Sonunda mum olan 8 kelime var. MUM ile biten kelimeler listesini inceleyerek aradığınız kelimeleri bulabilirsiniz. Türkçe araştırmalarınızda, scrabble oyununda bu kelimeleri kullanabilirsiniz. Ayrıca İçinde mum olan kelimeler listesine ya da başında mum olan kelimeler listesine gözatmak isteyebilirsiniz. Ayrıca şunu da deneyebilirsiniz, işlerinizi kolaylaştıracak bir kelime bulucu : Kelime bulma makinesi

Harf Sayısına Göre Kelimeler

8 Harfli Kelimeler

ALELUMUM, MAKSİMUM

7 Harfli Kelimeler

BİLUMUM, MİNİMUM, OPTİMUM

6 Harfli Kelimeler

MAĞMUM

4 Harfli Kelimeler

UMUM

3 Harfli Kelimeler

MUM


Kelime bulma makinesi

Daha kapsamlı sonuç için lütfen kelime bulma makinesini kullanın.

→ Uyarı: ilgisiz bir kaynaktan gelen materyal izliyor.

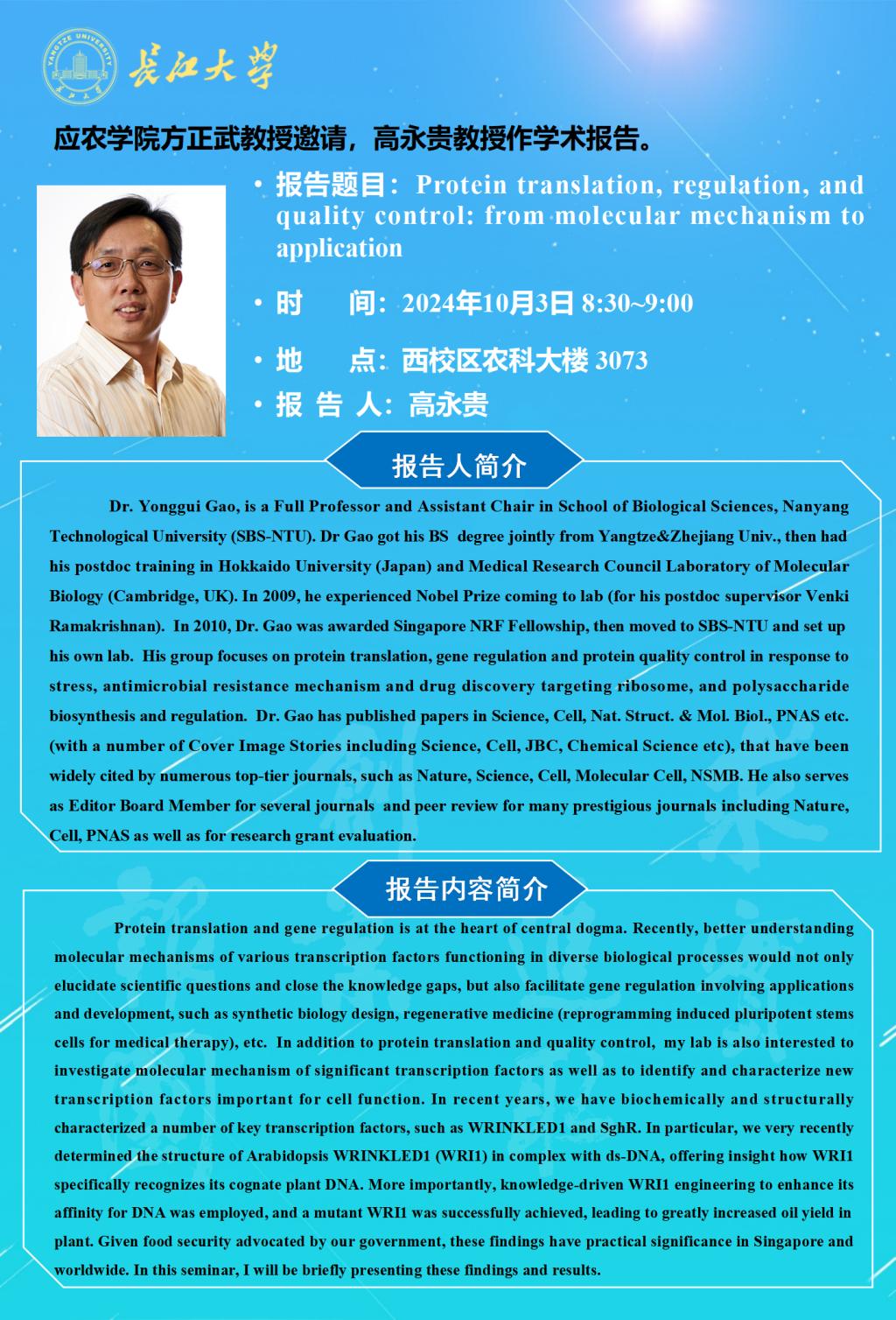 2024年学术报告(十五):Protein translation, regulation, and quality control: from molecular mechanism to application

Bazı kelimelerin anlamları (Kaynak : TDK)

MAKSİMUM

Kelime Kökeni : Fransızca

  1. En çok, en büyük, en yüksek (derece, nicelik), azami, maksimal
  2. Değişebilen bir niceliğin varabileceği en yüksek olan (sınır), azami, maksimal

ALELUMUM

Kelime Kökeni : Arapça

  1. [zarf] Genel olarak, genellikle

OPTİMUM

Kelime Kökeni : Fransızca

  1. [sıfat] En elverişli, en iyi olan, optimal

MİNİMUM

Kelime Kökeni : Fransızca

  1. [sıfat] En az, en küçük (derece, nicelik)
  2. Değişken bir niceliğin inebileceği en alt olan (sınır), asgari, minimal

BİLUMUM

Kelime Kökeni : Arapça

  1. [sıfat] Bütün, hep, kamu, ... -in hepsi
    • "Bu tebligat Anadolu ve Rumeli'de bulunan bilumum ordu ve kolordu kumandanlarına tebliğ olunmuştur." (Atatürk)

MAĞMUM

Kelime Kökeni : Arapça

  1. [sıfat] Gamlı
    • "Otobüsün içi, bizimkilerin mağmum kalplerinden, mağmum bakışlarından bin kez iyi." (Adalet Ağaoğlu)
  2. Sıkıcı, kapanık (hava)

UMUM

Kelime Kökeni : Arapça

  1. [sıfat] Bütün, tüm, kamu
    • "Onun umum kumandanlığı, boş çöller içinde bedevi şeyhlerine verilen fahri paşalıklar gibi bir şey idi." (Falih Rıfkı Atay)
  2. [zamir] Herkes, halk, ahali
    • "Üçü de kısa bir boyun kırışıyla umumu selamladılar." (Peyami Safa)

MUM

Kelime Kökeni : Farsça

  1. [isim] Bir fitilin üzerine erimiş bal mumu, içyağı, stearik asit veya parafin dökülüp genellikle silindir biçiminde dondurulan ince, uzun aydınlatma aracı
    • "Kandil geceleri bu velilerin yerleri mumlarla donanırdı." (Yahya Kemal Beyatlı)
    • "Öteki çocuklar mum kesilmişler, sahte bir sessizlikle birer disiplin modeli olmuşlardı." (Çetin Altan)
    • "Kısacası, böyle bir komşuyu mumla arasa bulamayacaktır." (Tarık Buğra)
  2. Bal mumu
    • "O bu işe çoktan mum olmuştur ama kendini naza çekiyor."
  3. Işık şiddeti birimi, kandela
  4. Bazı böcekler ve bitkiler tarafından salgılanan, böceklerin deri ve tüylerini, bitkilerin yüzeyini kaplayarak koruyucu görev yapan, içinde serbest yağ asitleri, alkoller ve doymuş hidrokarbonlar bulunan esterler
    • "En bilinen mum, arıların yaptığı bal mumudur."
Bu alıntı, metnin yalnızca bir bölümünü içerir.